Лучана слушала и улыбалась, отрицательно покачивая головой. Дым рисовал вокруг нее очаровательную фату.

— Я сдаюсь, — забрал у нее сигарету, затянулся и заткнул ею хрустальную пасть пепельницы.

— Он предложил ей руку на остановке автобуса, помочь выйти из транспорта, она же мечтала замуж.

— Забавно. Только откуда ты знаешь, о чем она мечтала?

— Я же тебе говорю, что все об этом мечтают.

— Кроме тех, что там уже побывали, наелись и сыты.

— Выйти замуж — как уехать в какую-нибудь далекую незнакомую страну, принять ее гражданство. У меня же пока, считай, только вид на жительство.

— Ну да, совершить там революцию, если ты про мой внутренний мир, освободить угнетенные чувства.

— Я понимаю, что ты еще не наелся, что тебе нужны все. Мне достаточно одного.

— Я мужчина.

— Я женщина. Тебе достаточно нравиться, знать, что любят, что могут всегда принять.

— Можно войти? — обнял я крепко Лучану, мои губы нашли ее уста, моя ладонь обняла манго ее сочной груди.

* * *

— Какое самолюбие, — сказал я, собираясь выходить из дома и наблюдая, как Лучана гляделась в зеркало в прихожей.

— Надо же хоть кого-то любить. Если другие не годятся, — повернулась она ко мне.
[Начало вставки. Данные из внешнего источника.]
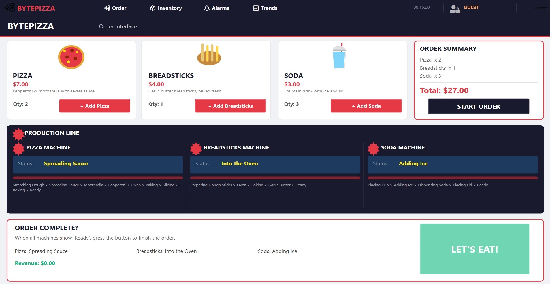 OrderInterface | Canvas | Full order workflow: menu cards (Pizza $7, Breadsticks $4, Soda $3), order summary, production line status with real-time machine states, and "Let's Eat" completion button |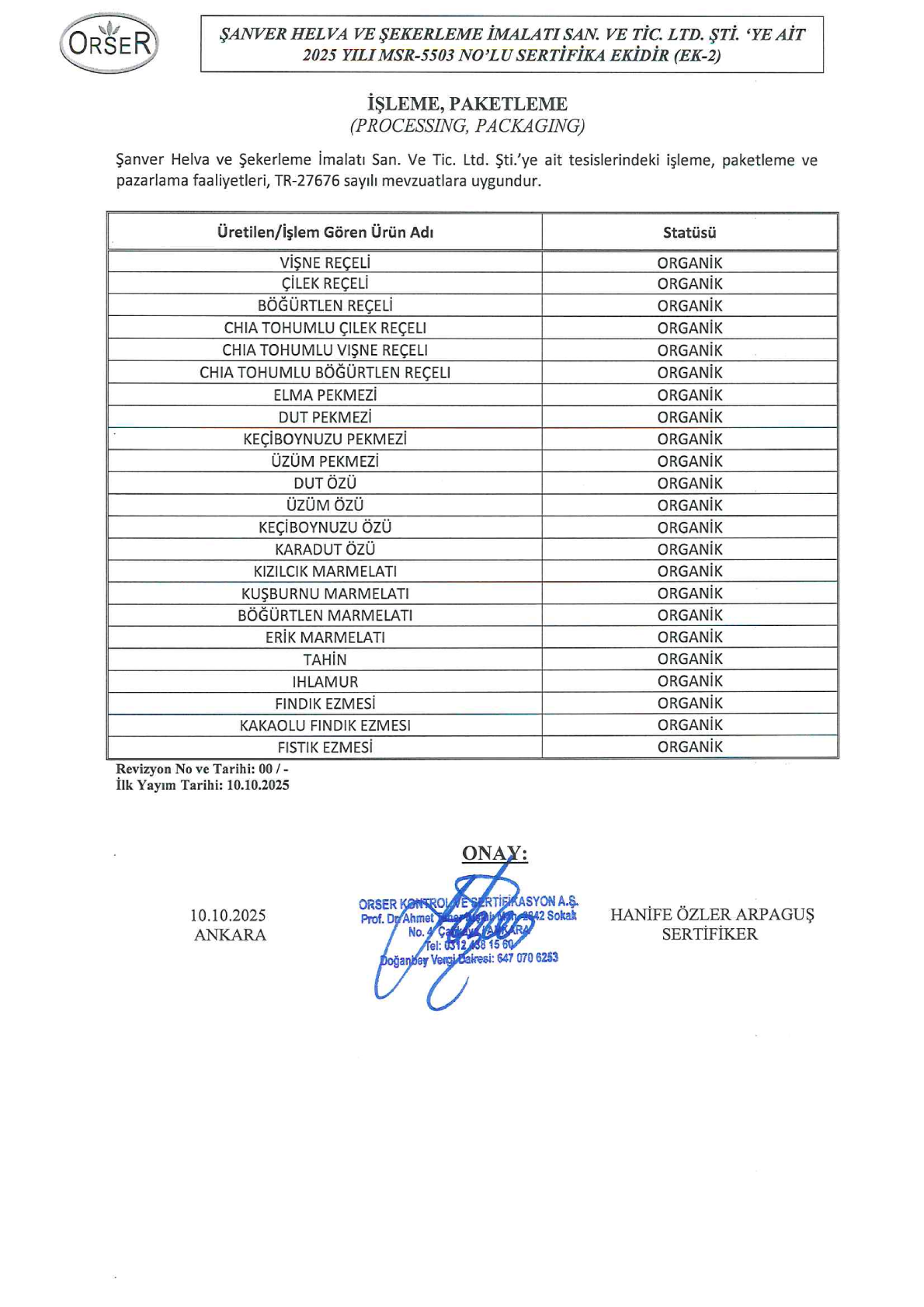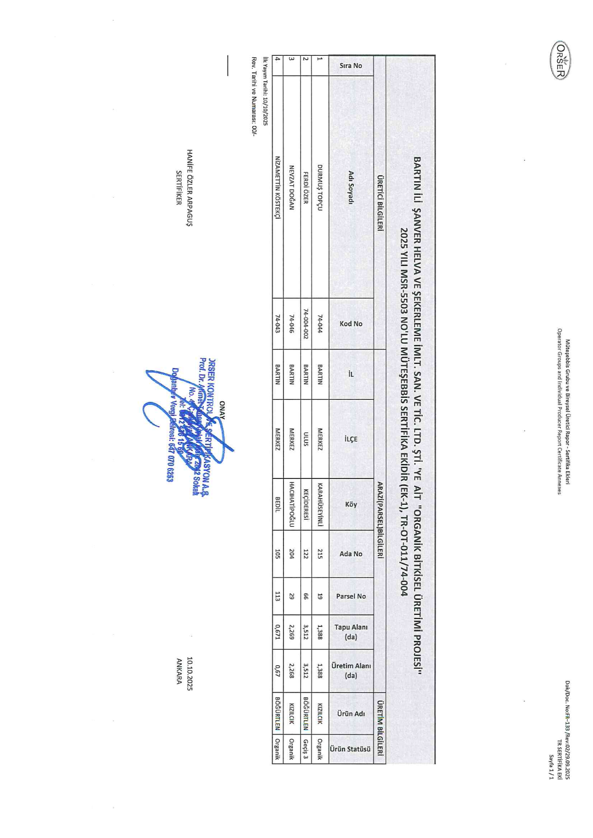 Organik sertifika numarası

— Значит, другие не нужны?

— Не так категорично… Через людей я все равно живу для себя, равно как и любой другой человек. Ты реально представь, что находишься совершенно один — без родных, близких, любимых, да и просто окружающих тебя людей. Представил? И что ты будешь делать со всеми своими мыслями, чувствами и эмоциями?

— Не знаю, — обнял я ее за талию.

— Это оттого, что ты все время пишешь, а читать тебе некогда.
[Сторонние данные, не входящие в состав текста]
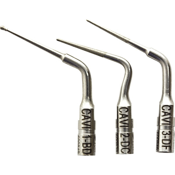 CAVI – diamantierte Aufsätze zur effizienten Feinpräparation in der Zugangskavität und zur Freilegung verdeckter Kanaleingänge. REDO 2 – Feiner Aufsatz aus neuartiger Titan-Niobiumlegierung mit besonderen Eigenschaften für schwierige Revisonsbehandlungen. MAXI-MPR – Robuster Aufsatz zur Entfernung von Metallstiften bei hoher Intensität. Stück Ultraschallspitze REDO 5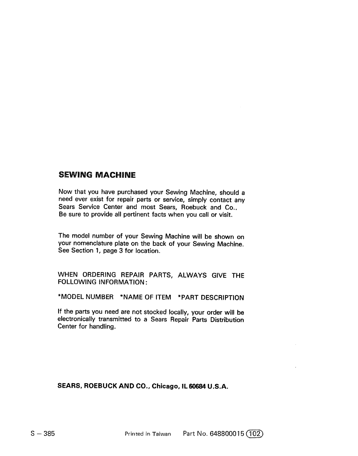 S-385 Printed in Taiwan Part Nor 6488000'15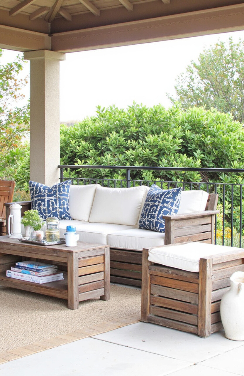 Wicker is moderately priced and available in many styles. Add throw pillows for a splash of color. Ensure it’s treated for outdoor use to prevent wear.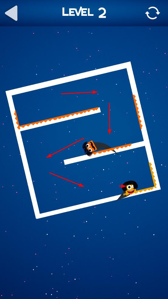 2、调整场景角度,引导角色避障并向彼此移动,达成团聚,推进LEVEL 1、2等关卡。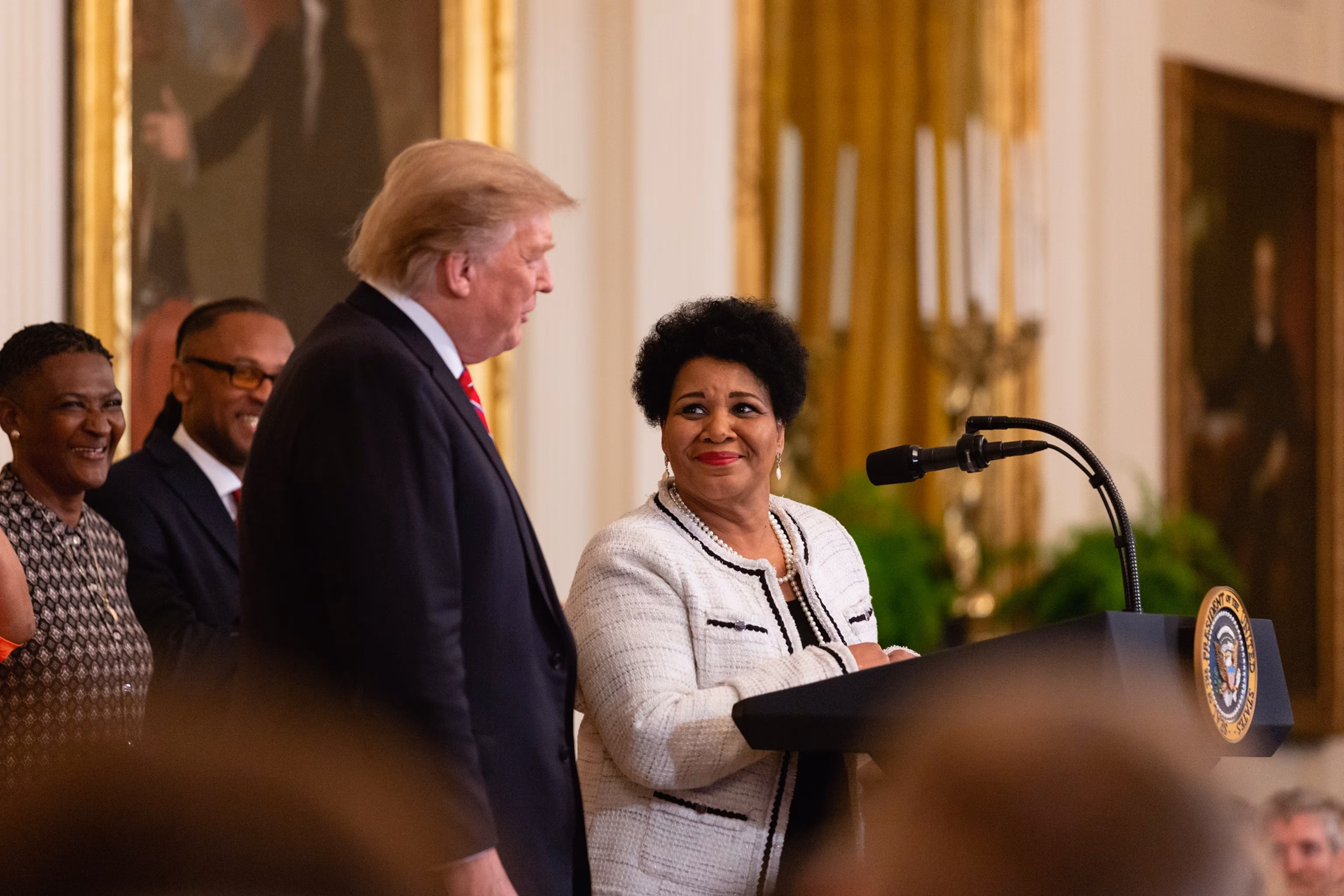 Alice Marie Johnson, whose sentence was commuted by President Donald Trump, delivers a presentation at the 2019 White House Prison Reform Summit and First Step Act gala. Hosted within the East Room of the White House, April 1, 2019.Cheriss May/NurPhoto via Getty Images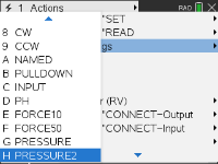 Let op de laatste menu-invoer. Hiermee kunt u de naam van het object invoeren in plaats van het in het menu te selecteren. Deze invoer kan ook worden gebruikt voor sensoren en randapparatuur die niet expliciet in de menu’s zijn opgenomen. Om deze invoer te gebruiken, selecteert u het menu-item om het begin van de opdracht te plakken. Voer vervolgens de naam in van de sensor of het apparaat dat u gebruikt.

— Есть что-нибудь интересное?

— Мои мысли. Тебе пора учиться читать мои мысли. Когда они в голове, кажется, что можно написать ну если не роман, то главу романа точно. Но как только трансформируются в слова, сразу понимаешь, какое количество условностей мы создаем. После раздумий о тотальном одиночестве я подумала о том, что будет, если человека лишить чувств и эмоций?
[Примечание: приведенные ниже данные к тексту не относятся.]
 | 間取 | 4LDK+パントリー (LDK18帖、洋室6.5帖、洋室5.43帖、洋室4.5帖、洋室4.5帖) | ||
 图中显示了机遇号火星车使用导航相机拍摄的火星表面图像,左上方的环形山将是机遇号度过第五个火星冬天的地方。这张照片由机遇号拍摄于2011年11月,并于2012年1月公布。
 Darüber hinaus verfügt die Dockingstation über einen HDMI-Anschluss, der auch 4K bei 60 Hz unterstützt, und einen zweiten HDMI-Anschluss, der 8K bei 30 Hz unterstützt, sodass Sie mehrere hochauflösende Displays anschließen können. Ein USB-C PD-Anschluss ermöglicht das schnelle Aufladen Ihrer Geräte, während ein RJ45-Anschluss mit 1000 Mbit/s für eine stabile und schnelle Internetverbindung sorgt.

— Вчера у меня было такое состояние, попробую тебе его описать: равнина души, не беспокоит ничто — ни резня на экране, ни гидрометцентр, ни смерть соседки. Однако все эти холмы далеки от меня, всецело поглощенного собой.

— Ну да, я знаю, как ты любишь заниматься самоедством, лежа на диване, — вырвалась она из моих объятий.

— Я на диване мира, я животное, я вселенная. Белые облака потолка, надменное эхо сердца, дыхание глубже пучины, пространство шире постели. Прекрасное поле засеяно мною, я устал, я разобран, расслаблен, лежу на нем бездыханно, я и есть та самая сеялка, в которой кончились на этот час семена, я уже не животное, а человек после секса, — уже обувал я туфли.

— А поле — это я, что ли? Назови хотя бы полянкой, — видел я в ее глазах, что она не хотела меня отпускать.

— Хорошо, пусть будет полянка, только мне уж пора. Я пошел, до вечера.

— Ты забыл.

— Что?

— Что-что? Поцеловать меня.

— Неужели это так важно?

— Очень. Поцелуй для меня — как клятва верности на целый день.

— То есть, если я тебя не поцелую, ты можешь легко мне изменить?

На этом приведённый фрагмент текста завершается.